▶ _Task_:
Pictures are not part of the answer. Write out exactly the lines from the one containing "A pretty pastel" through the end of the material below.

▶ _Collected material_:
☆ ☆ ☆

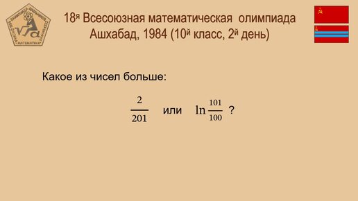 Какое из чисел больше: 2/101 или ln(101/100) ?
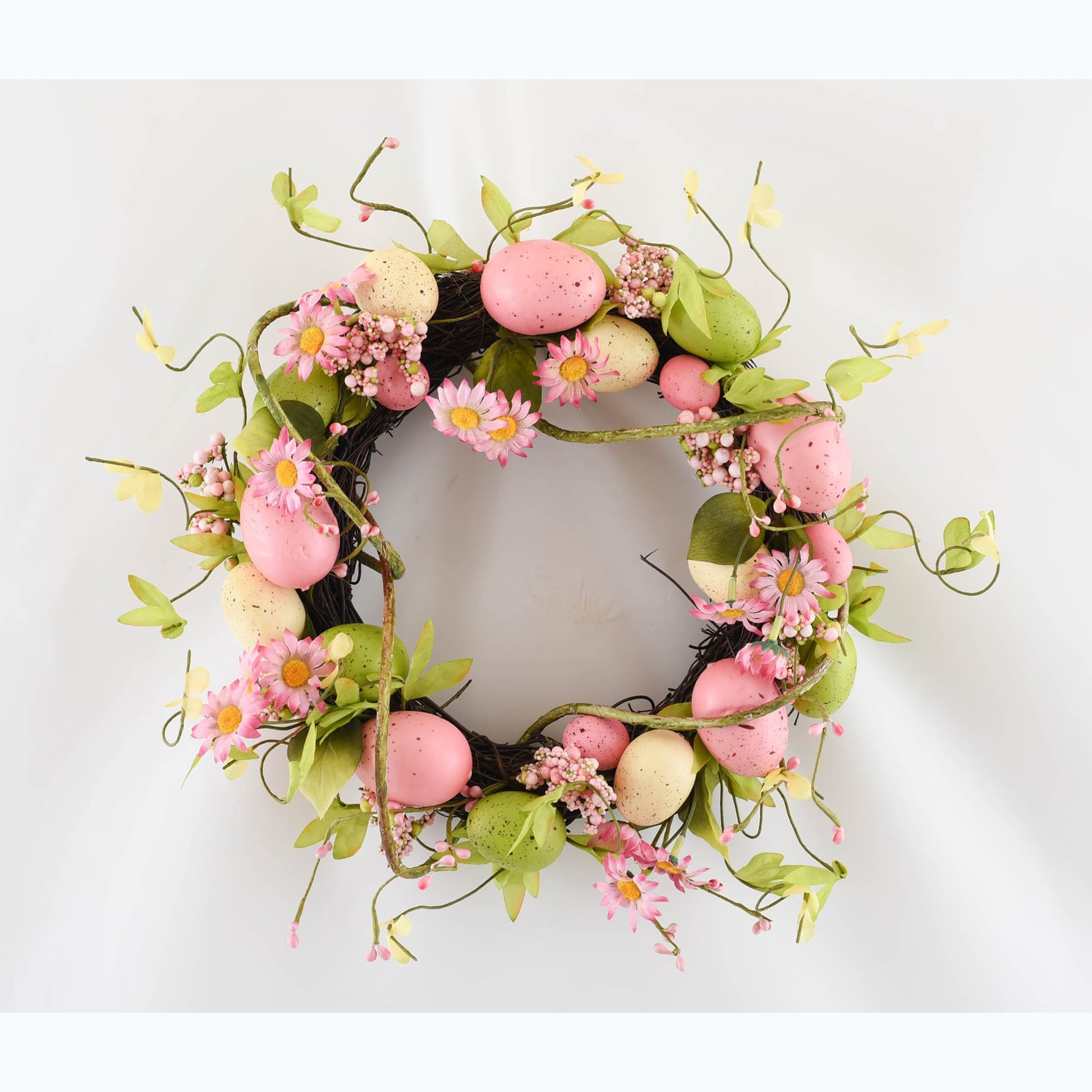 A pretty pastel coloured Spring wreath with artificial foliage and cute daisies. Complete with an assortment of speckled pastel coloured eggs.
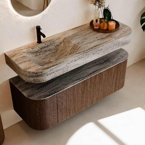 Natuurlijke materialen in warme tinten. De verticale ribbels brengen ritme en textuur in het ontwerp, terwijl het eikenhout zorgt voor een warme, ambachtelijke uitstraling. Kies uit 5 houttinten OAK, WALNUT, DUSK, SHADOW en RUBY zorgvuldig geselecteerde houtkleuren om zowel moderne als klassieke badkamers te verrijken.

☆ ☆ ☆

▶ _Completed exercise_:
 A pretty pastel coloured Spring wreath with artificial foliage and cute daisies. Complete with an assortment of speckled pastel coloured eggs.
 Natuurlijke materialen in warme tinten. De verticale ribbels brengen ritme en textuur in het ontwerp, terwijl het eikenhout zorgt voor een warme, ambachtelijke uitstraling. Kies uit 5 houttinten OAK, WALNUT, DUSK, SHADOW en RUBY zorgvuldig geselecteerde houtkleuren om zowel moderne als klassieke badkamers te verrijken.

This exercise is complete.